──────── PROVIDED DATA ────────

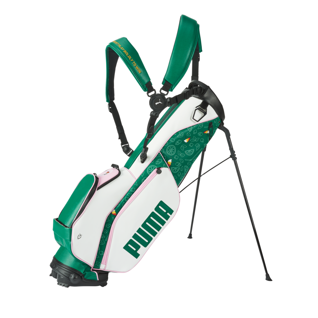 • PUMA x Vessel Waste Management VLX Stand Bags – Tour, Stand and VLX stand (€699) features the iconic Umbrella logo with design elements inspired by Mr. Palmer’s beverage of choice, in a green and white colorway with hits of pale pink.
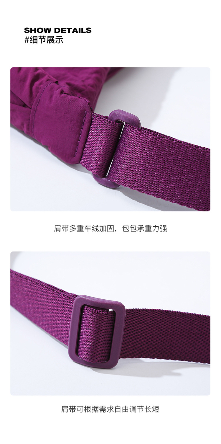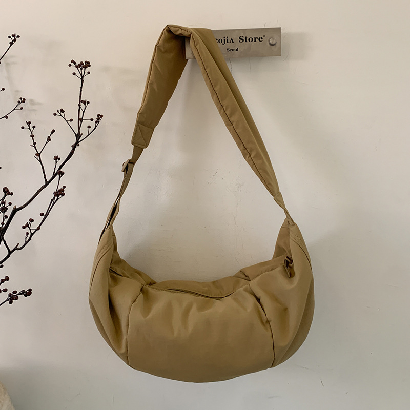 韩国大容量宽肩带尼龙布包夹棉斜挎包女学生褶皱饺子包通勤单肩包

────────
──────── PROVIDED DATA ────────

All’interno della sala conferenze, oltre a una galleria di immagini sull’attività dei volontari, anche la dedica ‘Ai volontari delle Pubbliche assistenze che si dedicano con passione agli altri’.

────────
──────── PROVIDED DATA ────────

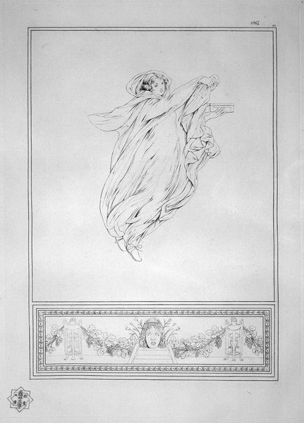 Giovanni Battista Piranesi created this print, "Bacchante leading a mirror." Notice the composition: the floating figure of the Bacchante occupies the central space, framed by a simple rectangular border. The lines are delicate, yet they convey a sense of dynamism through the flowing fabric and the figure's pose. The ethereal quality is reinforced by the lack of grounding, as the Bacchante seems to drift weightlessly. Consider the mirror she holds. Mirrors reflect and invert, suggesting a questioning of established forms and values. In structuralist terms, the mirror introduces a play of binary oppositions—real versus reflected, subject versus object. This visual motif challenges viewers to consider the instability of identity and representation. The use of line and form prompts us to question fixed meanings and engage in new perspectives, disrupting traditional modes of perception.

────────

Write out, word for word, the stretch of entries that begins at the line with "of pale pink." and ends at the line with "韩国大容量宽肩带尼龙布包夹棉斜挎包女学生褶皱饺子包通勤单肩包". Pictures do not belong in it.

■ TASK RESPONSE
 • PUMA x Vessel Waste Management VLX Stand Bags – Tour, Stand and VLX stand (€699) features the iconic Umbrella logo with design elements inspired by Mr. Palmer’s beverage of choice, in a green and white colorway with hits of pale pink.
 韩国大容量宽肩带尼龙布包夹棉斜挎包女学生褶皱饺子包通勤单肩包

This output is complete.